Martha Ann Bruce,

Marshall County, Tennessee, 1841

sampler size: 18½" square • framed size: 21¾" square • price: $9000

 

Samplers made in Tennessee are wonderfully rare and the subject of an excellent, on-going study: Tennessee Sampler Survey (tennesseesamplers.com). One group of these samplers that has been documented is the Red and Green Group – ten samplers made between 1831 and 1853 under the instruction of different teachers and in various counties in the center part of the state. Our excellent sampler, made by Martha Ann Bruce in 1841, is a recent discovery and addition to the Red and Green Group and we are grateful to the researchers of this study for the information provided about the sampler and the maker. The sampler will be published in their upcoming book on Tennessee samplers.

Martha Ann Bruce was born circa 1829 to John Pennington Bruce (1805-1853) and Elizabeth (Prear Burns) Bruce (1808-1873), who lived in Holts Corner, Marshall County. She was likely the first born of their 14 children. John was a blacksmith who enjoyed sufficient financial success that he purchased a lot of land from the estate of his father-in-law in 1841. The Bruce Web: A Genealogical Study of Bruce and Related Families Descending from James Bruce of Virginia From 1768 by Thomas Allen Bruce, MD (1984) indicates that John and Elizabeth raised their ample family on a branch of Caney Spring Creek, just northwest of the present town of Chapel Hill. It’s possible that further research will indicate whether Martha married or when she died. 

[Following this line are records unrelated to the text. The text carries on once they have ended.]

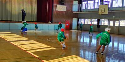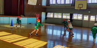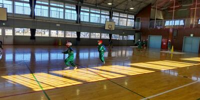 今日は、スポーツ鬼ごっこです。相手の陣地のカラーコーンを獲得するために、皆で作戦タイムです。作戦を重ねるごとに相手の陣地に攻めいることが難しくなってきます。集団の中で、一人一人がどんな役割を担うかが勝敗の分かれ道です、運動能力にかかわらず、楽しく運動し、達成感を感じることができました。
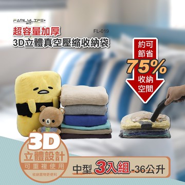 【FL生活+】D加厚超壓縮立體壓縮袋-M號 真空壓縮袋 真空收納袋 可重覆使用 棉被收納袋 棉被收納 衣櫃收納 衣物收納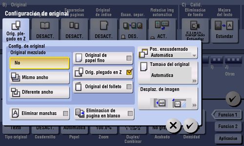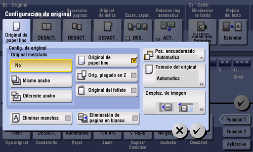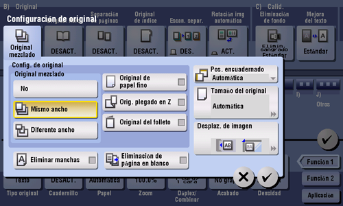 Incluso en originales con páginas de distintos tamaños, utilizando el alimentador automático de documentos puede escanear datos mientras se detecta el tamaño de cada página. Si los originales tienen el mismo ancho, seleccione [Mismo ancho]. Si los originales tienen anchos, diferentes, seleccione [Diferente ancho].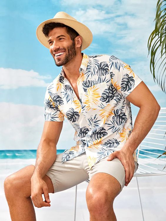 แต่งตัวผู้ชายไปเที่ยวทะเล อยากได้ลุคบีชหล่อ เท่ แต่งง่าย ๆ ชิล ๆ หยิบเสื้อเชิ้ตฮาวายหรือเสื้อพิมพ์ลายทรอปิคอล + กางเกงสีครีม เบจ น้ำตาล หรือสีกรม โดยเน้นคู่สีที่เข้ากัน ถือเป็นลุคสบาย ๆ ดูมีความสมาทมากขึ้น สามารถใส่เดินเล่นได้ทั้งในเมืองและริมชายหาดในวันหยุดเลย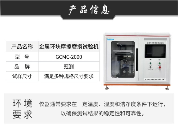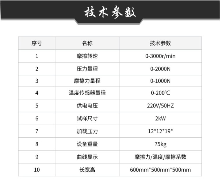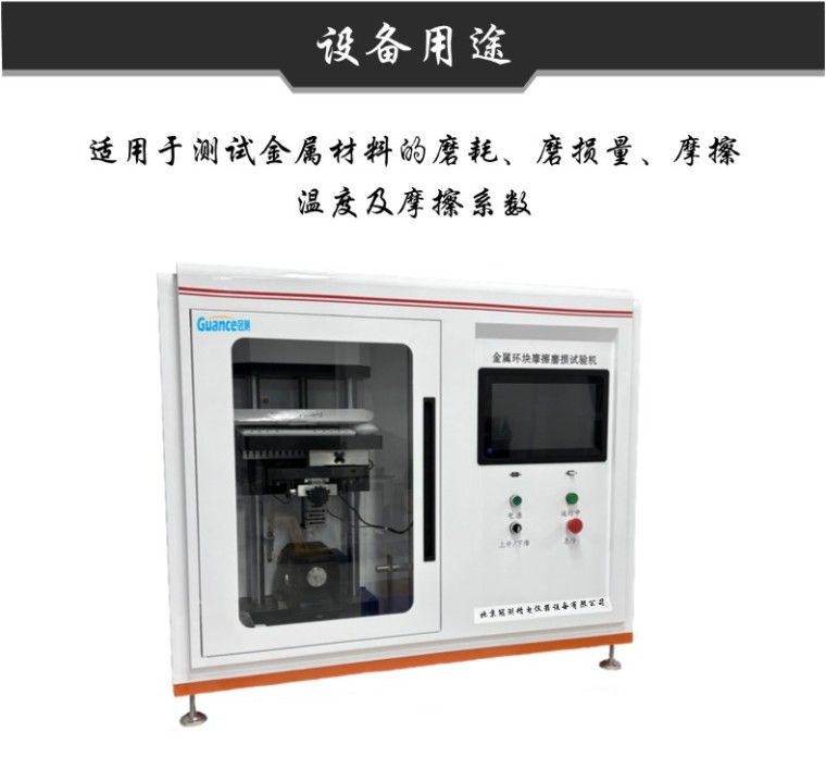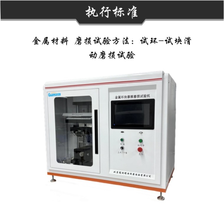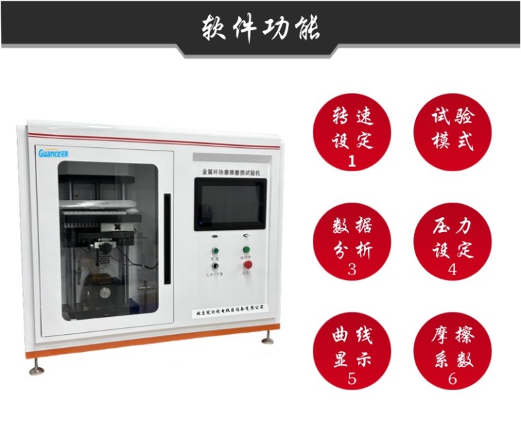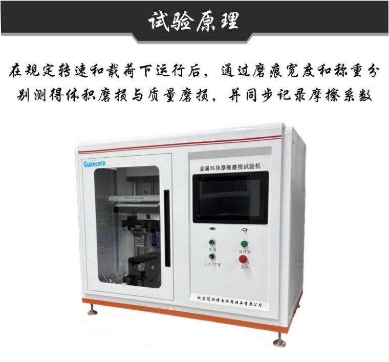 金属材料试环-试块滑动磨损试验机 GCMC-2000 执行标准:GB/T 12444-2006 金属材料 磨损试验方法:试环-试块滑动磨损试验 设备用途: 适用于测试金属材料的磨耗、磨损量、摩擦温度及摩擦系数 应用领域: 用于测试金属材料的摩擦性能测试,用于企业研发、科研研究、及第三方检测机构测试 试验原理: 试块与规定转速的试环相接触,并承受一定的试验力,经规定转数后,用磨痕宽度计算试块的体积磨损,用称重法测定试环的质量磨损。试验中连续测量试块上的摩擦力和正压力,并计算摩擦系数。 软件功能: 1、转速设定:可设定转数 2、试验模式:摩擦转数设定/摩擦时间设定 3、数据分析:可以采集分析试验中某时间段内的摩擦系数 4、压力设定:可设定压力 5、曲线显示:摩擦力、摩擦系数、磨擦温度、转速 6、摩擦系数:自动计算并实时同步显示 7、数据报告:可存储、导出、打印电子报告 技术参数: 序号 名称 技术参数 备注 01 摩擦转速 0-3000r/min 02 压力量程 0-2000N 03 摩擦力量程 0-1000N 04 温度传感器量程 0-200℃ 05 摩擦方式 干摩擦/湿摩擦 06 试样尺寸 12*12*19* 07 曲线显示 摩擦力/温度/摩擦系数 08 主轴径向圆跳动 ≤0.01mm 09 主轴轴向位移 ≤0.01mm 10 主轴轴线与工作台面平行度 ≤0.02mm 11 测试数据 体积磨损、质量磨损、磨擦温度、摩擦系数 12 供电电压 220V/50HZ 13 设备功率 2kW 14 长宽高 600mm*500mm*500mm 15设备重量75kg |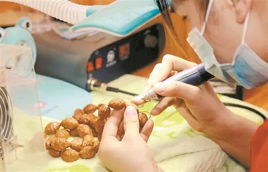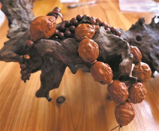 梁伟杰说,数控雕刻只是第一步,接下来还要经过人工修饰、打磨抛光、打孔、串珠等工序,才能成为挂件、手串、项链等工艺品。“当前产品主要面对文玩市场,出产的产品价格从几十元普通旅游纪念品到上万元的工艺精品皆有。”梁伟杰表示,产品的区分度取决于榄核的大小、质量和雕刻工艺水平等。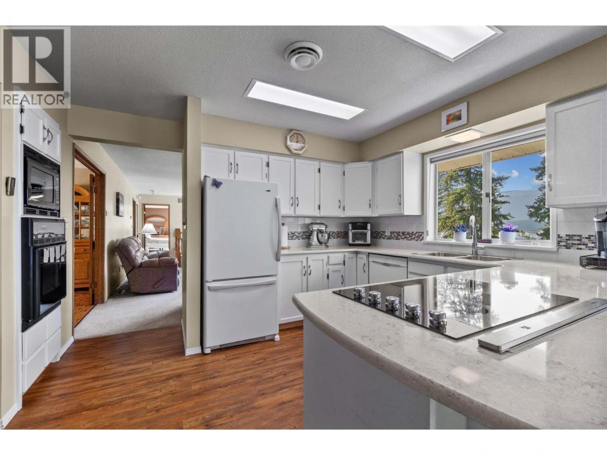 Lake & Mountain Views with Space for Everyone! Set on a private 0.36-acre lot at the end of a quiet no-thru road, this 3-bedroom, 3-bathroom home offers peace, space, and stunning views—ideal for families or those seeking flexibility. The main floor features a welcoming kitchen with a bright dining nook, a formal dining room, and a versatile den perfect for a home office or craft space. The spacious primary bedroom includes a full ensuite, walk-in closet, and its own balcony to take in breathtaking lake views and sunsets. A second bedroom and full bathroom complete the main level. Downstairs, the fully finished basement is perfect for extended family or guests, offering a living room, kitchen, bedroom, bathroom, rec room, and laundry with direct access to the heated double garage. With its layout, the lower level could easily be converted into a suite for added flexibility. Outside, enjoy a landscaped, mostly fenced yard with underground irrigation and ample parking—including room for an RV. Additional features include on-demand gas hot water, excellent storage, and an efficient, functional layout throughout. This home blends comfort, views, and versatility—ready for you to move in and enjoy. (id:6769)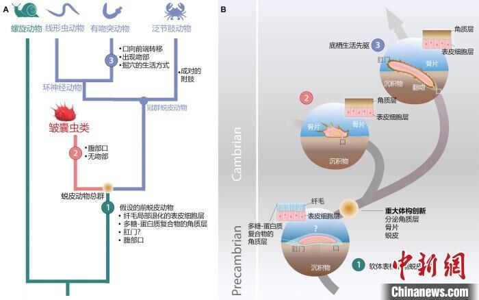 中新网西安7月9日电 (记者 阿琳娜)记者9日从西北大学获悉,中法团队联合研究揭示了中国寒武纪早期皱囊虫和贝雷虫共同构成蜕皮动物一个新的高级分类单元——皱囊动物门,并且否定了皱囊动物是由具有终端口的蠕虫状环神经动物简化而来的观点。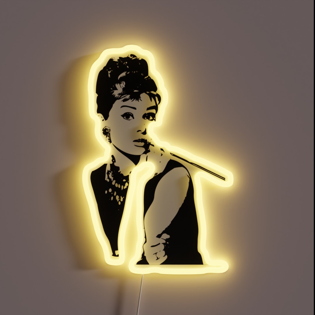 Add a touch of Old Hollywood glamour to your home or office with this Audrey Hepburn Icon RGB Neon Sign, a nostalgic tribute to the timeless style and sophistication of the beloved actress.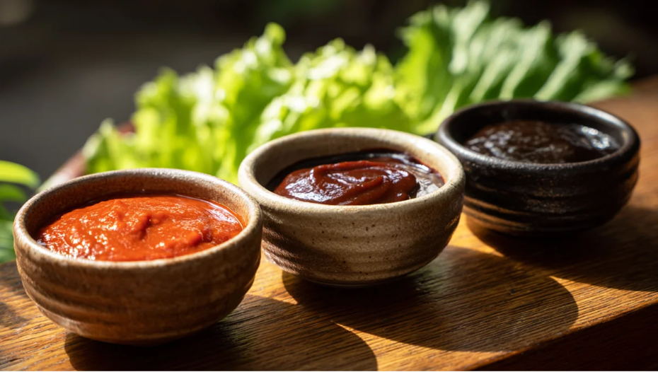 쌈밥은 채소와 함께 여러 종류의 장을 함께 먹는 음식이다. 원하면, 밥의 종류를 다르게 해서 넣어도 되고, 쌈의 종류를 바꿔도 좋다.
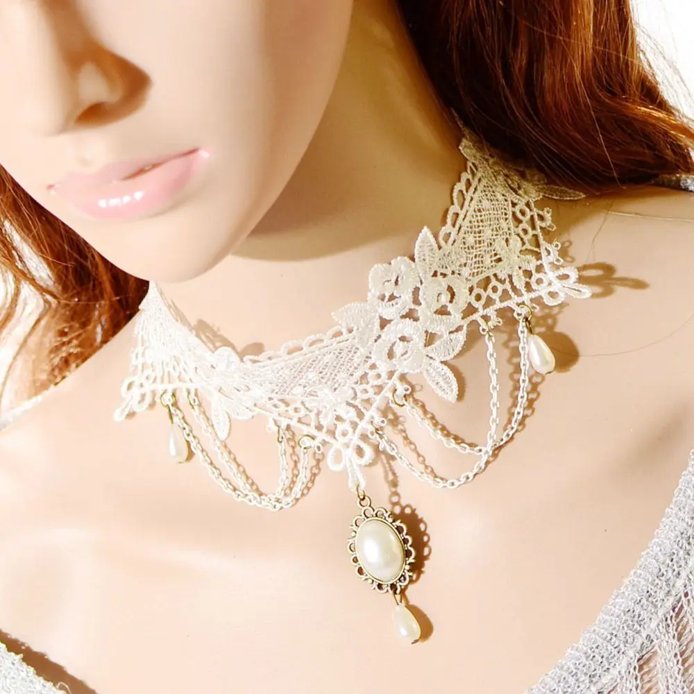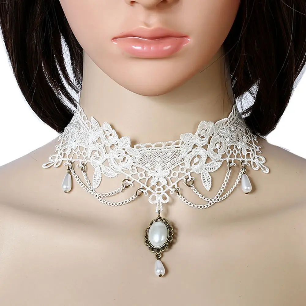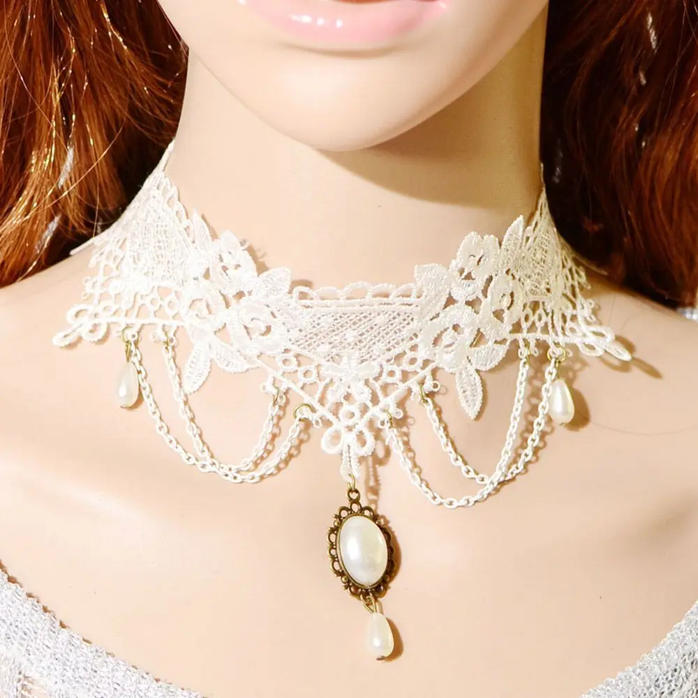 Crafted with intricate white lace, this necklace exudes vintage elegance and sophistication.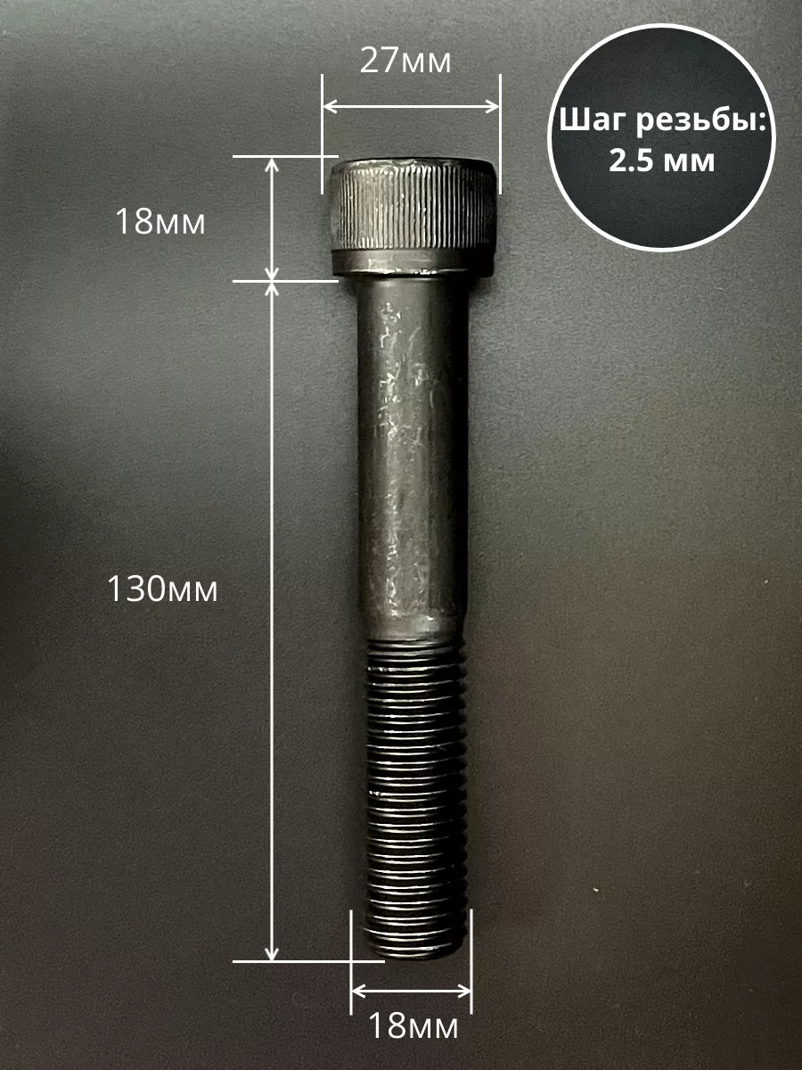 Винт высокопрочный НР М18х130 мм к.п.12.9 черный DIN912, 2 шт.
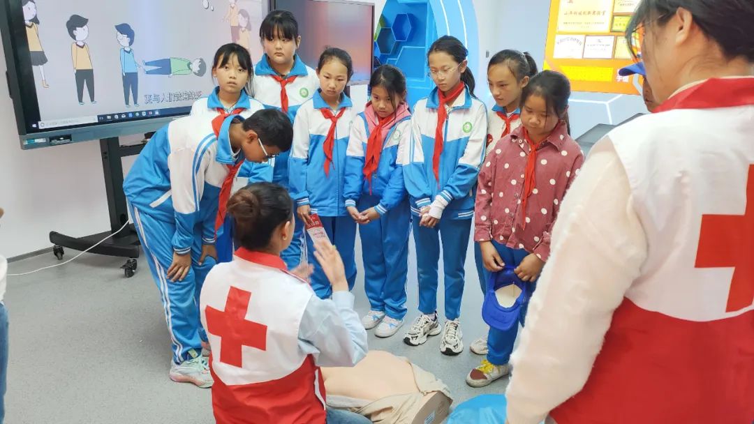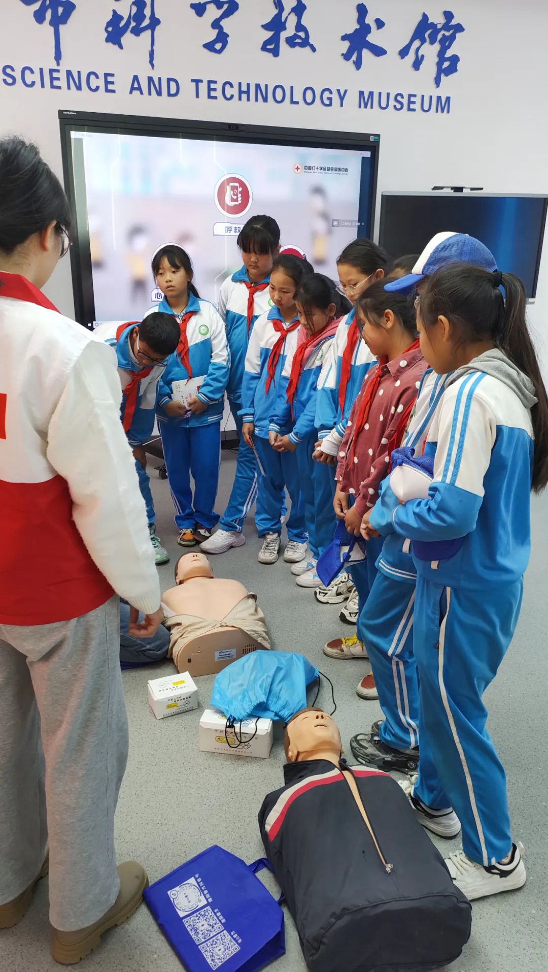 智慧教室里,市红十字会临时增设了一个展区,开展了一场关于心肺复苏急救知识的科普活动。

The sampler holds a fine appeal, with alphabets, horizontal bands, a couplet, the prominent inscription within a fine garland, the large arrangement of fruit in a raised compote and a delightful house. It seems to us that Martha realized that the chimney intended at the left of the house wouldn’t fit and so she simply eliminated it from the depiction of the house. The poetic couplet was published in Introduction to The English Reader or A Selection of Pieces in Poetry and Prose, by Lindley Murray, published in 1813. A fine border, in keeping with the red and green characteristics, frames the sampler well. 

Worked in wool on linen, the sampler is in excellent condition and conservation mounted into what is likely its original walnut molded frame.